### YOUR TASK:
Where an entry holds an image, leave the image out; otherwise reproduce the entry exactly.

### INPUT MATERIAL:
*****

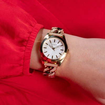 Diese Guess Uhr hat ein Edelstahl Gehäuse mit einem Durchmesser von 32 mm und ist mit einem Armband aus Edelstahl versehen. In der Uhr arbeitet ein Seiko Uhrwerk. Das Glas der Uhr besteht aus Mineral - Glas.
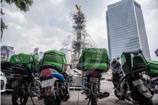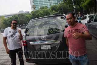CIUDAD DE MÉXICO, 30JUNIO2020.- Trabajadores de la aplicación Uber se manifestaron en el Ángel de la Independencia para exigir a las autoridades prestaciones y ayuda durante la pandemia de coronavirus (covid-19) que se vive en el país. FOTO: MARIO JASSO /CUARTOSCURO.COM
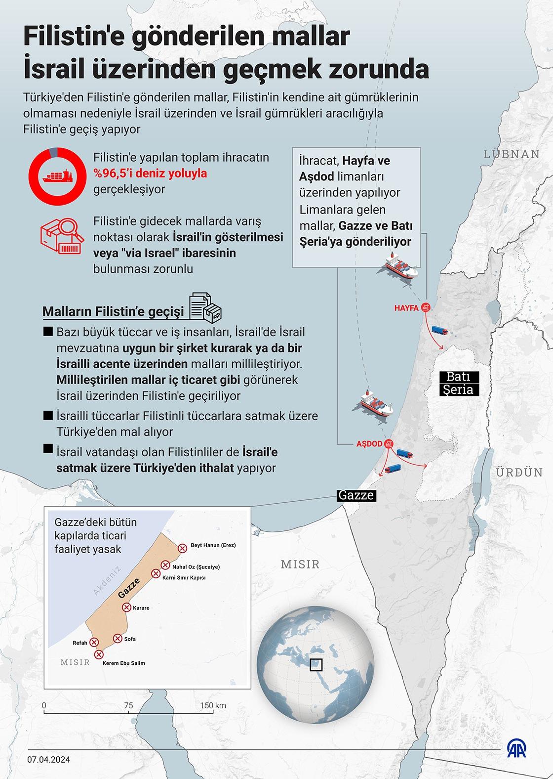 Türkiye’den Filistin’e yönelik gönderilen mallar, Filistin’in kendine ait gümrüklerinin olmaması nedeniyle İsrail üzerinden ve İsrail gümrükleri aracılığıyla Filistin’e geçiş yapıyor. Filistin’e gelecek mallarda varış noktası olarak İsrail’in gösterilmesi veya “via Israel” ibaresinin bulunması zorunlu tutuluyor. Ayrıca İsrail tarafından Oslo anlaşmaları gösterilerek, Üçüncü ülkelerin Filistin ile doğrudan kurduğu yasal ilişkiler de İsrail tarafından tanınmıyor.
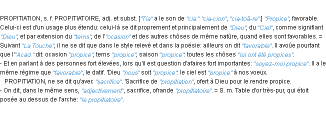 Ancienne signification éditée en 1835 pour le terme « propice » par l’Académie Française.
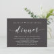 Mark the beginning of your forever with elegance using our contemporary charcoal grey theme wedding elopement celebration invitation card, "Happily Ever After Dinner". Perfect for couples extending their joyous occasion, this invitation exudes sophistication with a hint of playfulness, setting the stage for a memorable event. Adorned with a timeless modern script design theme, it adds a touch of refined charm to your festivities. Crafted by TeeshaDerrick, this invitation promises to beautifully capture your love story.
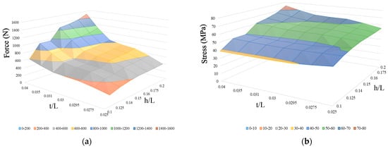 Since parametric values have a significant impact on the structural behavior, the energy absorbed, SEA, compressive stress, and threshold force were plotted against the parametric ratios of h/L and t/L. The ratio of h/L varied from 0.1 to 0.2, whereas the ratio was between 0.025 and 0.04 for the t/L. The surfaces shown in Figure 5 and Figure 6 demonstrate the influence of geometric parameters on various characteristics of NSHs.
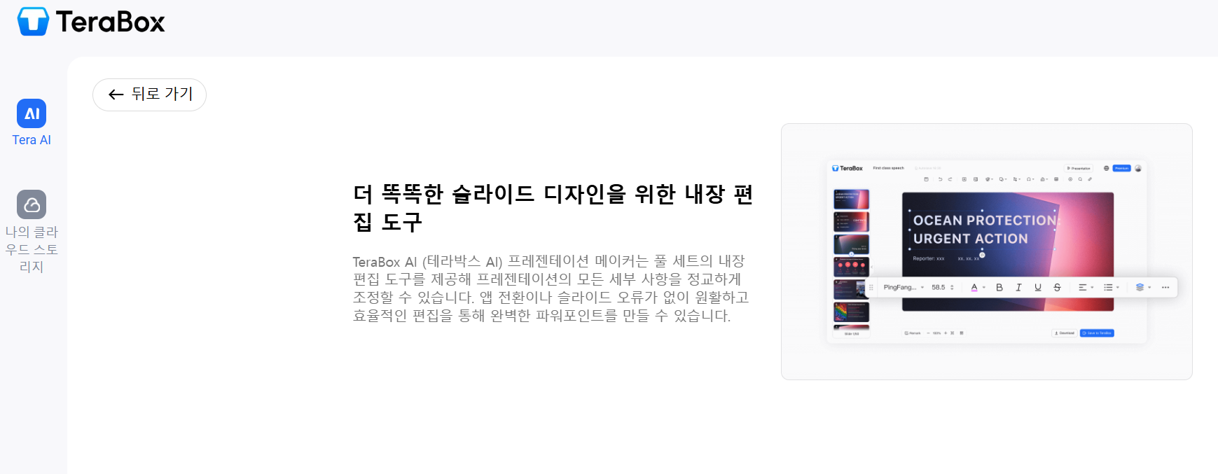 피피티 만들어주는 ai, 즉 테라박스 AI PPT는 마케팅 자료를 준비하는 데 있어서 혁신적인 도구입니다. 이 AI는 사용자의 요구에 맞게 피피티를 생성하고, 시각적으로 뛰어난 결과물을 만들어 냅니다. 이는 마케팅 전문가나 디자이너가 아니더라도, 자신만의 고품질 피피티를 만들 수 있게 해주는 것입니다.
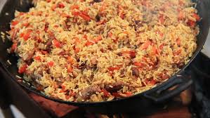 Incorporer poivre + safran + paprika + cumin. Porter à ébullition et aussitôt, étaler le riz égoutté sur toute la préparation. Ne pas mélanger. Couvrir la cocotte. Laisser doucement mijoter 30 mn ( ajouter éventuellement 2 à 3 cuillères à soupe d’eau si le riz n’est pas tout à fait cuit).
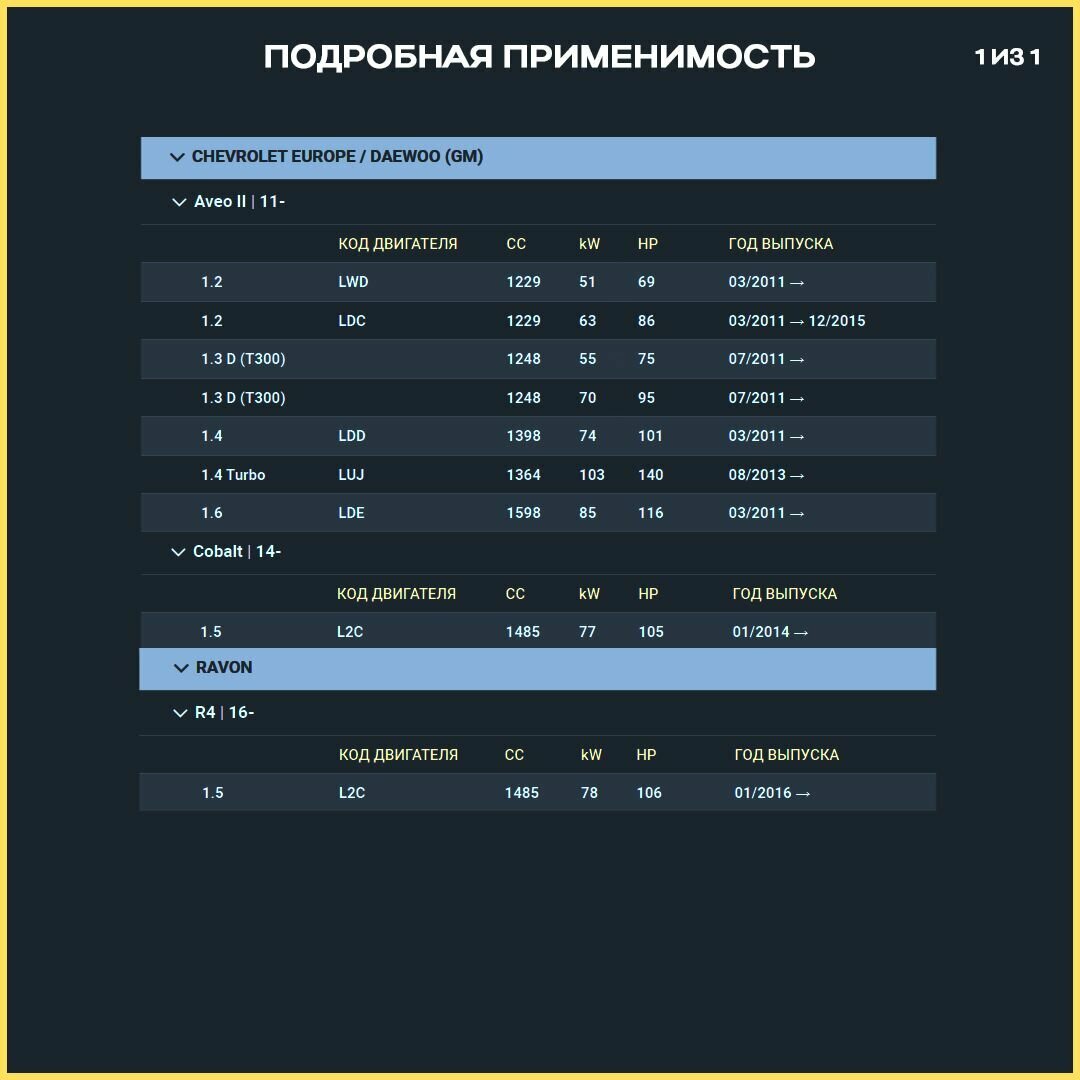 | Модель автомобиля | Chevrolet Aveo / Chevrolet Cobalt / Ravon R4 |
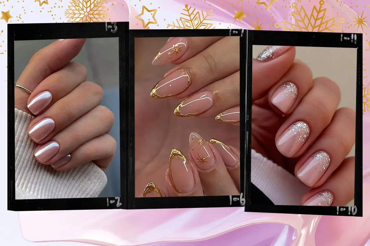 Праздничный маникюр в сдержанном исполнении. Блесточки используют дозированно: в виде мягкого градиента на кончиках, акцентных ногтей или полупрозрачного слоя поверх базового цвета. Самые популярные оттенки: золотой, розово-золотой, медный и серебряный. Такой дизайн выглядит аккуратно и уместно как во время праздников, так и после них.
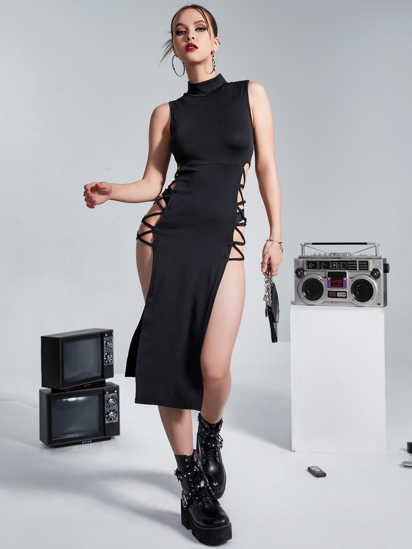 ock Neck Lace Up Side Split Thigh Dressو
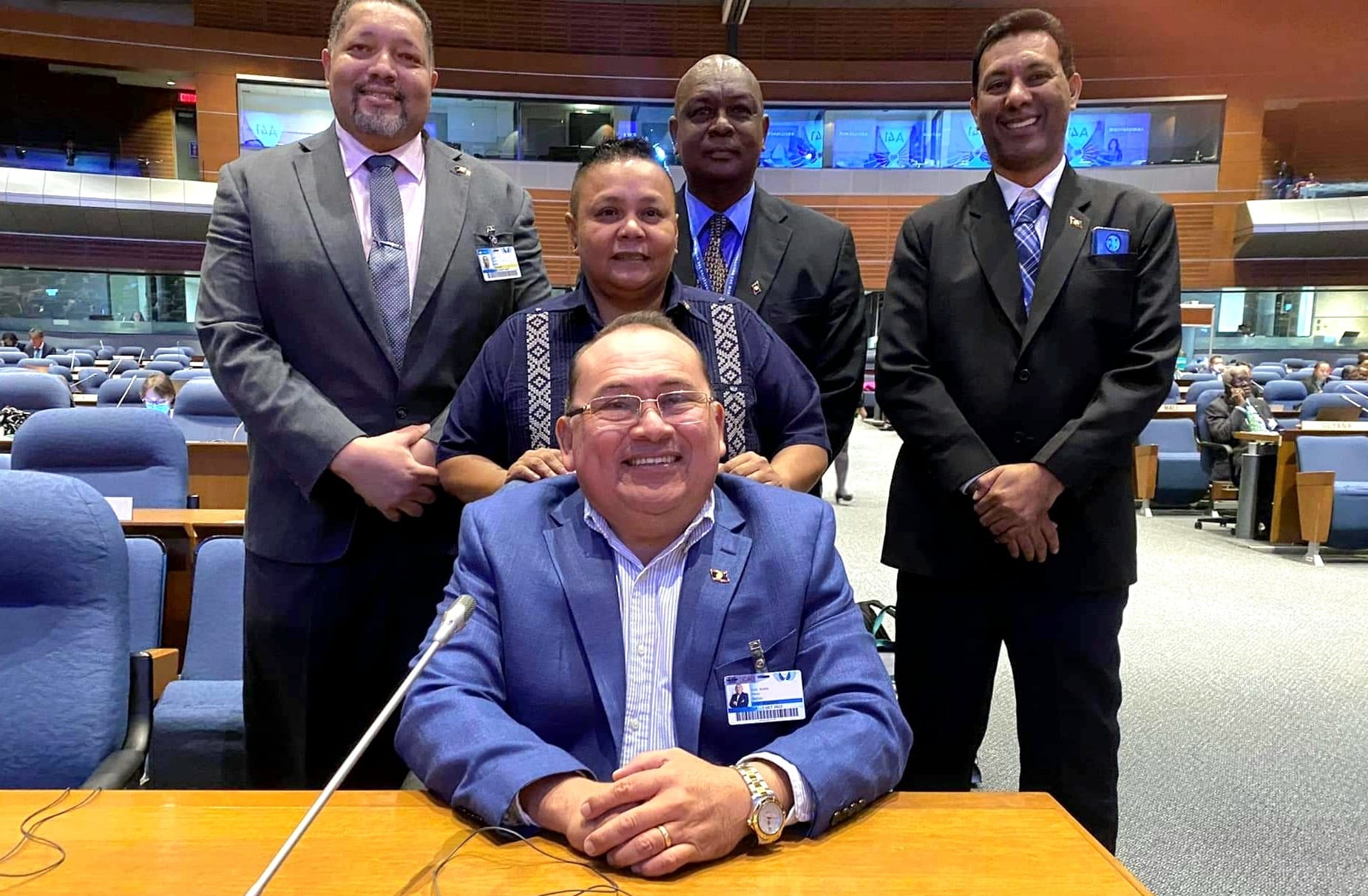 貝里斯、史瓦帝尼王國與吐瓦魯3友邦4日在國際民航組織(ICAO)年會上為台灣發聲,呼籲讓台灣有意義參與ICAO各項會議與活動。圖為貝里斯藍色經濟暨民航部部長培瑞斯(前)出席ICAO年會。(圖/翻攝自FB@Ministry of Blue Economy and Civil Aviation)

*****

### RESPONSE FOR THIS EXERCISE:
 Diese Guess Uhr hat ein Edelstahl Gehäuse mit einem Durchmesser von 32 mm und ist mit einem Armband aus Edelstahl versehen. In der Uhr arbeitet ein Seiko Uhrwerk. Das Glas der Uhr besteht aus Mineral - Glas.
CIUDAD DE MÉXICO, 30JUNIO2020.- Trabajadores de la aplicación Uber se manifestaron en el Ángel de la Independencia para exigir a las autoridades prestaciones y ayuda durante la pandemia de coronavirus (covid-19) que se vive en el país. FOTO: MARIO JASSO /CUARTOSCURO.COM
 Türkiye’den Filistin’e yönelik gönderilen mallar, Filistin’in kendine ait gümrüklerinin olmaması nedeniyle İsrail üzerinden ve İsrail gümrükleri aracılığıyla Filistin’e geçiş yapıyor. Filistin’e gelecek mallarda varış noktası olarak İsrail’in gösterilmesi veya “via Israel” ibaresinin bulunması zorunlu tutuluyor. Ayrıca İsrail tarafından Oslo anlaşmaları gösterilerek, Üçüncü ülkelerin Filistin ile doğrudan kurduğu yasal ilişkiler de İsrail tarafından tanınmıyor.
 Ancienne signification éditée en 1835 pour le terme « propice » par l’Académie Française.
 Mark the beginning of your forever with elegance using our contemporary charcoal grey theme wedding elopement celebration invitation card, "Happily Ever After Dinner". Perfect for couples extending their joyous occasion, this invitation exudes sophistication with a hint of playfulness, setting the stage for a memorable event. Adorned with a timeless modern script design theme, it adds a touch of refined charm to your festivities. Crafted by TeeshaDerrick, this invitation promises to beautifully capture your love story.
 Since parametric values have a significant impact on the structural behavior, the energy absorbed, SEA, compressive stress, and threshold force were plotted against the parametric ratios of h/L and t/L. The ratio of h/L varied from 0.1 to 0.2, whereas the ratio was between 0.025 and 0.04 for the t/L. The surfaces shown in Figure 5 and Figure 6 demonstrate the influence of geometric parameters on various characteristics of NSHs.
 피피티 만들어주는 ai, 즉 테라박스 AI PPT는 마케팅 자료를 준비하는 데 있어서 혁신적인 도구입니다. 이 AI는 사용자의 요구에 맞게 피피티를 생성하고, 시각적으로 뛰어난 결과물을 만들어 냅니다. 이는 마케팅 전문가나 디자이너가 아니더라도, 자신만의 고품질 피피티를 만들 수 있게 해주는 것입니다.
 Incorporer poivre + safran + paprika + cumin. Porter à ébullition et aussitôt, étaler le riz égoutté sur toute la préparation. Ne pas mélanger. Couvrir la cocotte. Laisser doucement mijoter 30 mn ( ajouter éventuellement 2 à 3 cuillères à soupe d’eau si le riz n’est pas tout à fait cuit).
 | Модель автомобиля | Chevrolet Aveo / Chevrolet Cobalt / Ravon R4 |
 Праздничный маникюр в сдержанном исполнении. Блесточки используют дозированно: в виде мягкого градиента на кончиках, акцентных ногтей или полупрозрачного слоя поверх базового цвета. Самые популярные оттенки: золотой, розово-золотой, медный и серебряный. Такой дизайн выглядит аккуратно и уместно как во время праздников, так и после них.
 ock Neck Lace Up Side Split Thigh Dressو
 貝里斯、史瓦帝尼王國與吐瓦魯3友邦4日在國際民航組織(ICAO)年會上為台灣發聲,呼籲讓台灣有意義參與ICAO各項會議與活動。圖為貝里斯藍色經濟暨民航部部長培瑞斯(前)出席ICAO年會。(圖/翻攝自FB@Ministry of Blue Economy and Civil Aviation)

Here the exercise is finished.